Only the prized tender black curls of the tips. Wild, hand harvested, sun-dried, steamed, and dried again. Rich flavor and delicate texture. Great with grains and in stir-fries and salads. Enjoy concentrated sea vegetable nourishment. It is fat free and very low sodium.
Eden Hiziki Hizikia fusiforme is a dark brown, bushy plant that grows in the pristine coastal Arctic currents off the eastern shore of Ise-Shima, Japan. Hiziki needs plenty of sunshine, clean water and years to mature. Hiziki has long thick branches that stand straight in the water, like hair floating upwards. At the top of the stems or branches are smaller branches, much thinner than the main stem. On these smaller branches near the surface grow small, thick, pointed blades that resemble pine needles. When you purchase Eden Hiziki, this is the only part of the plant you get, the most highly prized tiny, tight curls called 'mei hiziki'. Lesser brands pack a mix of stems, branches and sometimes none of the tender blades that the Japanese cherish.
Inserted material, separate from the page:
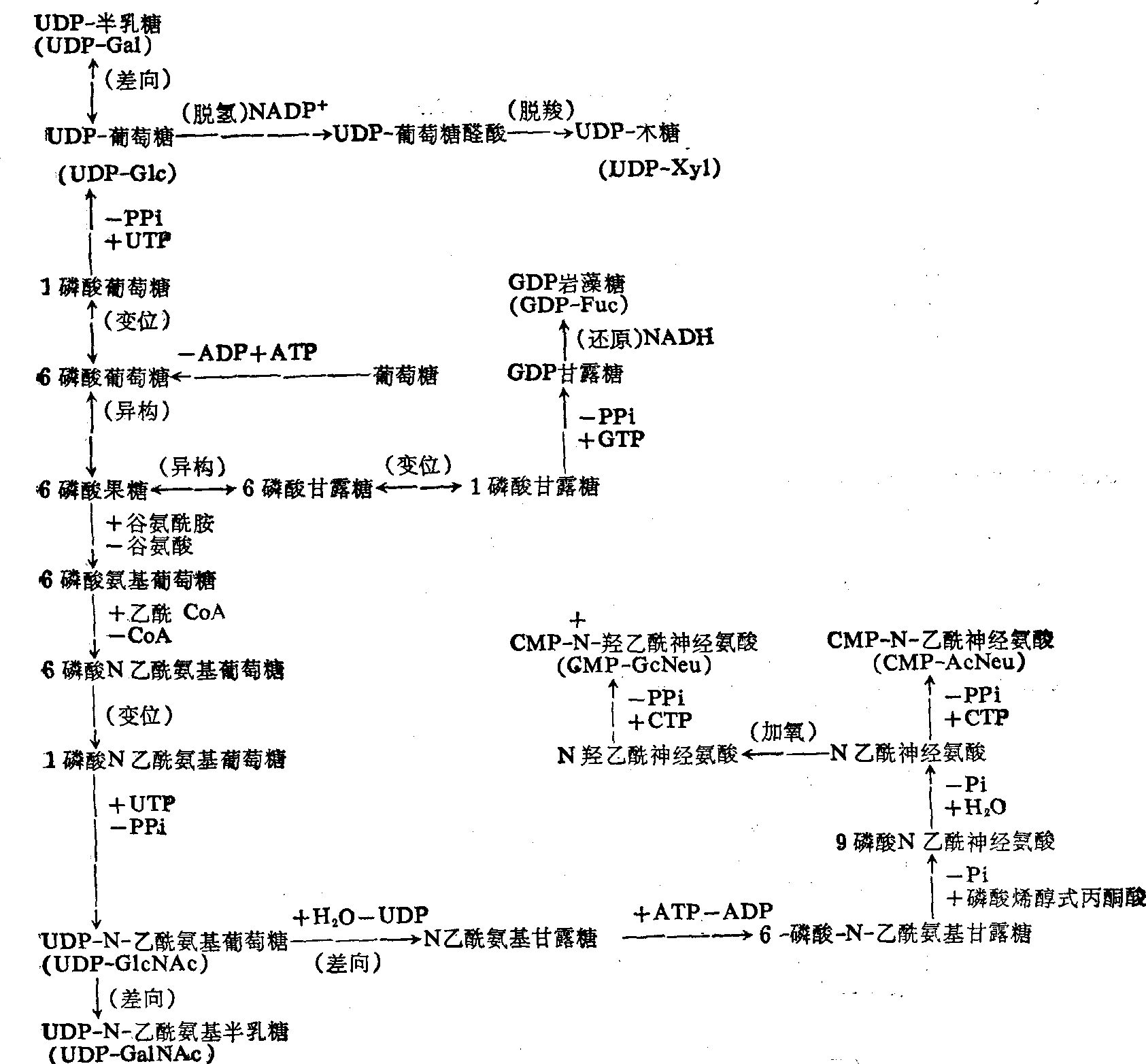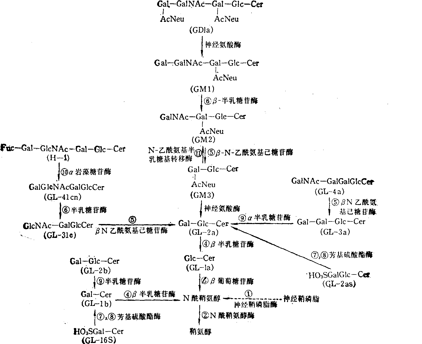 * Cer: N酰鞘氨醇基; Glc:葡萄糖基;Gal:半乳糖基; GlcNAc: N酰氨基葡萄糖基; GalNAc:N-酰氨基半乳糖基; α或β糖苷的空间配位; 1′,1,2,3,4: 结合位置。例如HO3S3Gal(β1→4)Glc (β1→1′)Cer表示 ![]() (2) 糖: 鞘糖脂分子中的糖基可以是单糖、双糖、叁糖,直至寡糖,而且组成这些糖基的单位主要是己糖和N-乙酰氨基己糖。海鸟类的木糖脂虽含有木糖,但在其他动物尚无发现。酸性糖脂的神经节苷脂分子中还含有酸性较强的N-乙酰神经氨酸(又称唾液酸)或N-羟乙酰神经氨酸,前者存在于一切动物,后者仅发现于人和鸡以外的动物。单糖的结构见“糖类”条。 (3) 鞘糖脂类的糖链结构与分类: 随着新的鞘糖脂的不断发现,给鞘糖脂类的命名和分类带来很多困难。目前比较普遍应用的一种分类是先按分子组成,将鞘糖脂分为三组: ❶只含己糖基及N-乙酰氨基己糖基的鞘糖脂称为中性鞘糖脂; ❷含N-乙酰神经氨酸基或N-羟乙酰神经氨酸基的鞘糖脂称酸性鞘糖脂或神经节苷脂; ❸带硫酸基的称硫脂。中性鞘糖脂还可根据糖基中单位糖基数的多少,再分成单糖基N-酰鞘氨醇(GL-1),二糖基N-酰鞘氨醇(GL-2),三糖基鞘氨醇(GL-3),四糖基N-酰鞘氨醇(GL-4)等。神经节苷脂按糖基中N-乙酰神经氨酸或N-羟乙酰神经氨酸基的数目又可以分为GM、GD、GT、GQ等, 并且每种还可以根据其薄层层析的Rf值的不同再分为几个亚属、如GM1、GM2、GM3、GM4…,(GM1的Rf值最小; Rf值的大小与糖基的长度成反比关系)。现将部分鞘糖类按上述分类原则列表如下(表2,3,4): 鞘糖脂类的合成代谢 参与鞘糖脂合成的酶类主要是膜结合性的,不易分离纯化,因此仍有许多不够清楚的地方。一般认为合成鞘糖脂的直接原料是N-酰鞘氨醇类(作为糖基受体)和糖基单核苷酸(作为糖基供体)。N-酰鞘氨醇类的合成酶系统主要存在于微粒体,而糖基的转移反应则主要依靠高尔基复合体中的多种糖基转移酶类的催化。 表3 部分血型糖脂*的结构 *组成上均含GlcNAc,且具特殊生物学活性,故另列表 **Fuc:岩藻糖基,其它与上表相同 表4 部分神经节苷脂的结构 (续表) (续表) *按Svennexhalm **AcNeu: N乙酰神经氨酸基(即唾液酰基)GcNeu: N羟乙酰神经氨酸基;其他与上表相同 ***这类神经节苷脂主要存在于动物脑组织。 ****这类神经节苷脂主要分布于神经组织以外的各种组织,但在人体尚未发现GcNeu神经节脂苷类。 图1 各种糖基单核苷酸的生成途径 (1) 糖基单核苷酸类的合成: 参与糖脂合成的各种糖,首先需要激活成为单核苷酸衍生物,其转变途径大致如图1。 (2) N-酰鞘氨醇类的合成,长链脂酰辅酶A和丝氨酸缩合及脱羧成了酮二氢鞘氨醇,还原为二氢鞘氨醇,再脱氢生成鞘氨醇类,再进行酰化即可形成N-酰鞘氨醇类。离体实验认为,机体内进行的酰化反应有两种,而在生理情况下以微粒体酶系途径为主。 (3) 鞘糖脂的合成. 机体内单糖基鞘糖脂的合成可有两种方式,一是N-酰鞘氨醇的糖化,由糖基转移酶类催化进行,糖基直接来自糖基单核苷酸,即鞘氨醇先N-酰化后糖基化; 二是糖基鞘氨醇的酰化,即鞘氨醇先被糖基单核苷酸糖化,然后被脂肪酰CoA酰化。动物组织内可能以前者为主。 单糖基糖脂又可以在多种糖基转移酶(半乳糖基转移酶、葡萄糖基转移酶、岩藻糖基转移酶、N乙酰氨基葡萄糖基转移酶、N乙酰氨基半乳糖转移酶以及N-乙酰神经氨基转移酶等) 的作用下进一步糖化,逐渐加长糖链,合成不同的糖脂。硫脂类是在硫酸转移酶作用下进行硫酸酯化的,3’磷酸腺苷-5’-磷酰硫酸是硫酸基供体。 鞘糖脂的分解 组织中的鞘糖脂在多种水解酶的共同作用下可以逐步分解。这些酶主要有: 芳基硫酸酯酶(有A、B、C三种)、β-葡萄糖苷酶 (有膜结合性和可溶性两种)、β-半乳糖苷酶(有Ⅰ、Ⅱ两种)、α-半乳糖苷酶(有A、B两种)、α-岩藻糖苷酶、β-N-乙酰氨基己糖苷酶(有A、B、C三种)、N-乙酰神经氨酸酶(唾液酸酶)以及N-酰基鞘氨醇酶等。这些酶主要分布于溶酶体中,但血清等体液中也含少量。高等动物体内的各种糖苷酶通常全属外切糖苷酶,只能作用于糖脂中糖链的非还原末端苷键,对组成糖苷键的糖的种类和α,β构型具有特异性。 糖脂的生物学功能 糖脂只是由糖与脂两类物质组成,故具有与磷脂相似的兼溶性特性,是构成某些生物膜的原料。此外,糖脂所含的糖不只一种,链长不一,其中单糖的排列顺序亦有别,而且其间的连接键的位置也不尽相同,足见糖链的种类各式各样,因此其生物学性质和功能就各具特点。 图2 鞘糖脂类的分解途径及有关酶类(数字表示表5所列代谢障碍病) 糖脂,尤其是糖鞘脂,虽然也是生物膜的一种组成成分,但与磷脂在分布上不同,只存在于双分子层的外层。迄今所有研究都表明,哺乳动物细胞的质膜都含有糖鞘脂,而且全部都在膜的外侧,其糖链均暴露于细胞表面。糖是高度亲水的,除非消耗很多能量,要将糖脂中糖的部分置于双分子层疏水烃链核心中是不可能的。这样看来,糖在糖脂分子中起着定向的作用,使糖脂不能从膜的外侧挪到内侧,以维持生物膜两面的不对称性。 含糖脂最多的膜可能要算髓鞘质,超过其干重的20%(见“磷脂”条图5)。髓鞘质实际只是神经鞘细胞的质膜。神经鞘细胞确实将其胞质及核挤到一边,以其质膜多层裹绕末梢神经轴索及树突,感觉神经节细胞,以及中枢神经白质等,使其绝缘,以利神经传导。如此看来,糖脂在构成神经元的绝缘物质上占有一

Eden Hiziki Sea Vegetable grows wild in rocky, environmentally protected coastal waters. Here it receives a great deal of sunlight and grows at a depth of one to two meters (three to seven feet deep). The height of the plant ranges from one and one half to over three feet tall. Eden Hiziki is carefully selected and hand harvested at low tide during spring. It is washed, sun dried, steamed for at least four hours to soften the plant and reduce its astringent flavor, and left overnight to cool and dry. The hiziki is then soaked in the juices of cooked arame (another sea vegetable) to enhance its black color. It is then naturally sun dried again and packed.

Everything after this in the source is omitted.